DATASET EXCERPTS Start Marker

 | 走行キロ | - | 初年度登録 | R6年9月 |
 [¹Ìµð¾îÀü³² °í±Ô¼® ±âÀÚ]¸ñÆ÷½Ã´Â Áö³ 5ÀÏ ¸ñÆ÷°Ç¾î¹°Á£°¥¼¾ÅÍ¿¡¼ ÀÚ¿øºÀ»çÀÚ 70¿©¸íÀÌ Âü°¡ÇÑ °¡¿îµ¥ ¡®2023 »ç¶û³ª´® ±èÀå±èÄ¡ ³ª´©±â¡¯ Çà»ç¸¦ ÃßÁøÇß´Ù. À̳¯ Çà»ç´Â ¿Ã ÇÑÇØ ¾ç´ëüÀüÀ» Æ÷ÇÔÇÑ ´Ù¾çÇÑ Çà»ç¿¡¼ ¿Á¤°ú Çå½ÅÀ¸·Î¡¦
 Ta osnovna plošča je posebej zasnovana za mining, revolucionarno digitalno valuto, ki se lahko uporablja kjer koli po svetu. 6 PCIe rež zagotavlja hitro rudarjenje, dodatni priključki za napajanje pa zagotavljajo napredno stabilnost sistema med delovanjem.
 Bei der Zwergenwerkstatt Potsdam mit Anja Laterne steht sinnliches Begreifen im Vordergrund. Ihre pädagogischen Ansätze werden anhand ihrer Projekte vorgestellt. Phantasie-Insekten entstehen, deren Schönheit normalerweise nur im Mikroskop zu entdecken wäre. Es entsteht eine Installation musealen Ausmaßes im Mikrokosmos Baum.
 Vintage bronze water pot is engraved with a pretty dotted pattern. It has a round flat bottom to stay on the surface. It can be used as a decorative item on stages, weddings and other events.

DATASET EXCERPTS End Marker
DATASET EXCERPTS Start Marker

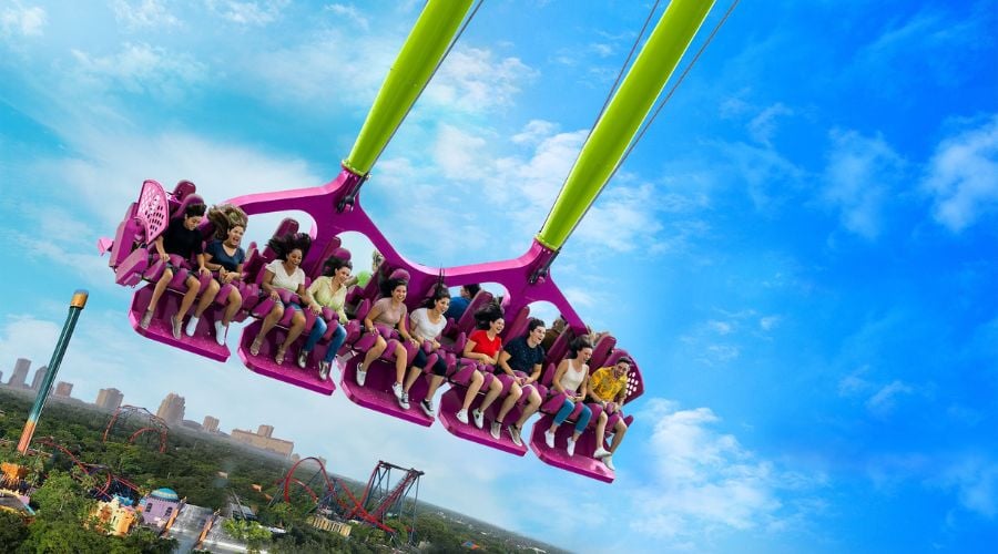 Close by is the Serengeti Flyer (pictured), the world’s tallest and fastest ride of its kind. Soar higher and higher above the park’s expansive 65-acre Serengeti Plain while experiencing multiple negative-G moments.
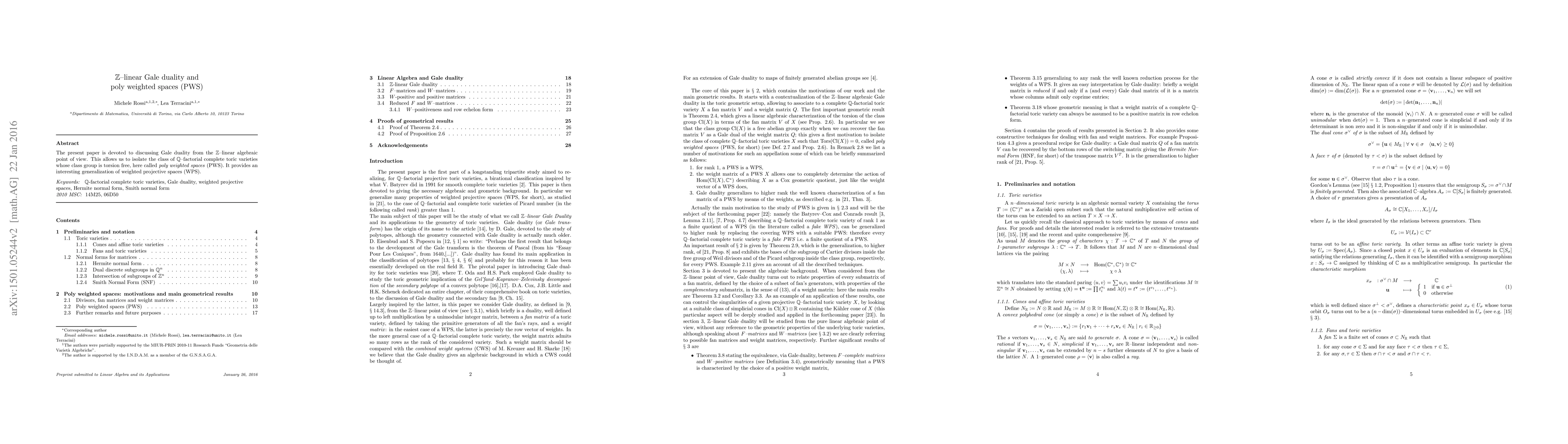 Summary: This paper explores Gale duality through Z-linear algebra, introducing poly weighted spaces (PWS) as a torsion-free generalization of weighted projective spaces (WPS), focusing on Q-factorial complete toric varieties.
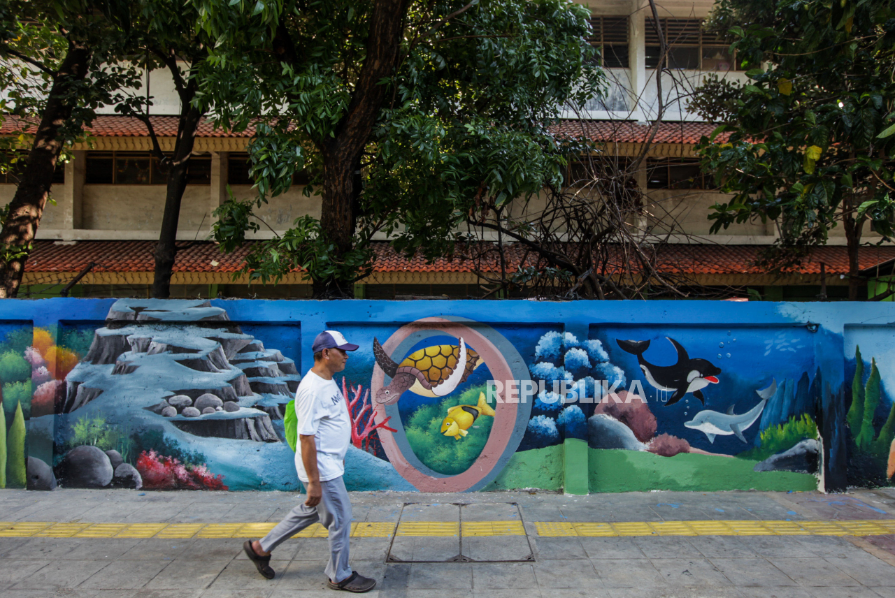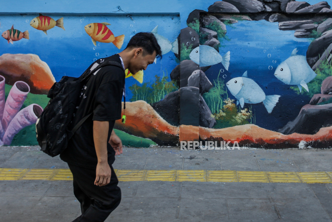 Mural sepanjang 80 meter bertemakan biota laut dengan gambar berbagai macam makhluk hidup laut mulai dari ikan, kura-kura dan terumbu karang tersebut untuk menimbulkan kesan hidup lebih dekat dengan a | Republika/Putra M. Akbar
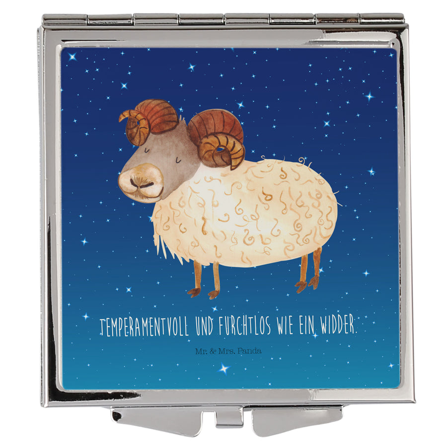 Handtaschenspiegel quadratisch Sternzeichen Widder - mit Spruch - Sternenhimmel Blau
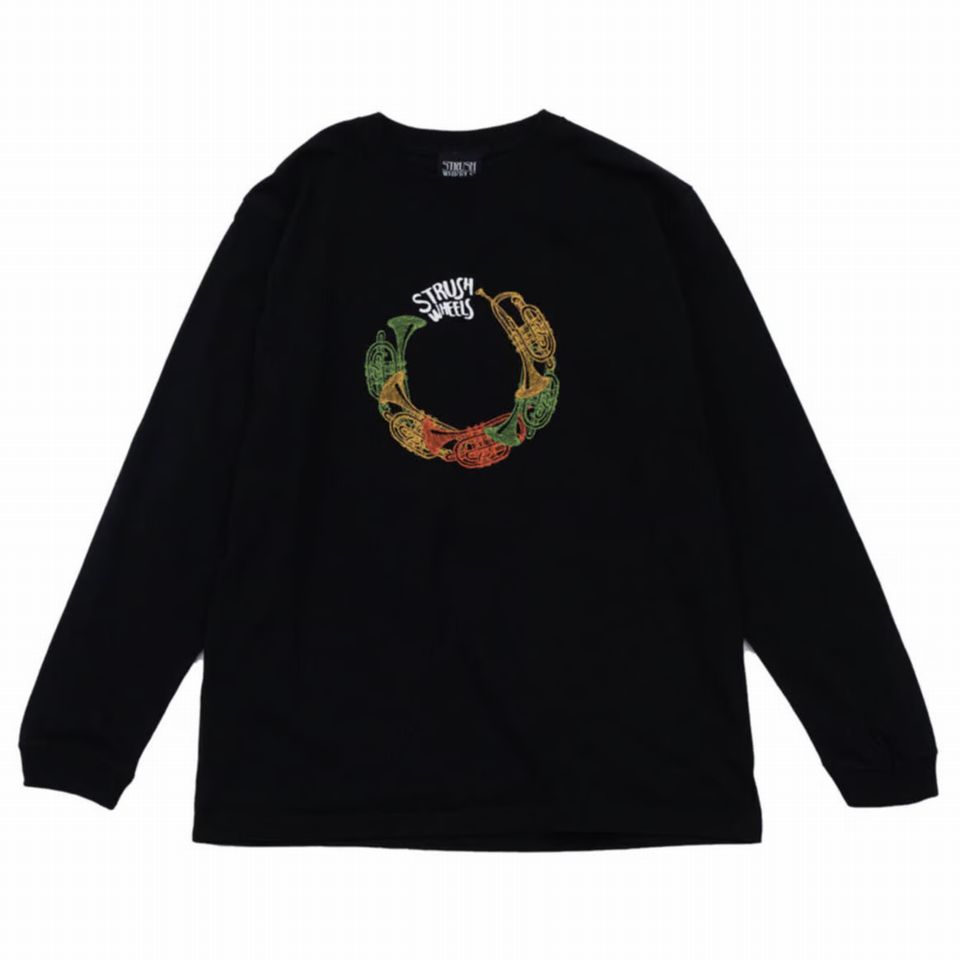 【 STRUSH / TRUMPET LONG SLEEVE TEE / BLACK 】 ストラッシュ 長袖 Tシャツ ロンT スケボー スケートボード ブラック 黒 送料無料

DATASET EXCERPTS End Marker

**WHAT IS REQUIRED**.
Out of the data above, give again only the lines starting at the one holding "初年度登録 | R6年9月 |" and ending at the one holding "[¹Ìµð¾îÀü³² °í±Ô¼® ±âÀÚ]¸ñÆ÷½Ã´Â", unchanged.

**EXPECTED OUTPUT**.
 | 走行キロ | - | 初年度登録 | R6年9月 |
 [¹Ìµð¾îÀü³² °í±Ô¼® ±âÀÚ]¸ñÆ÷½Ã´Â Áö³ 5ÀÏ ¸ñÆ÷°Ç¾î¹°Á£°¥¼¾ÅÍ¿¡¼ ÀÚ¿øºÀ»çÀÚ 70¿©¸íÀÌ Âü°¡ÇÑ °¡¿îµ¥ ¡®2023 »ç¶û³ª´® ±èÀå±èÄ¡ ³ª´©±â¡¯ Çà»ç¸¦ ÃßÁøÇß´Ù. À̳¯ Çà»ç´Â ¿Ã ÇÑÇØ ¾ç´ëüÀüÀ» Æ÷ÇÔÇÑ ´Ù¾çÇÑ Çà»ç¿¡¼ ¿Á¤°ú Çå½ÅÀ¸·Î¡¦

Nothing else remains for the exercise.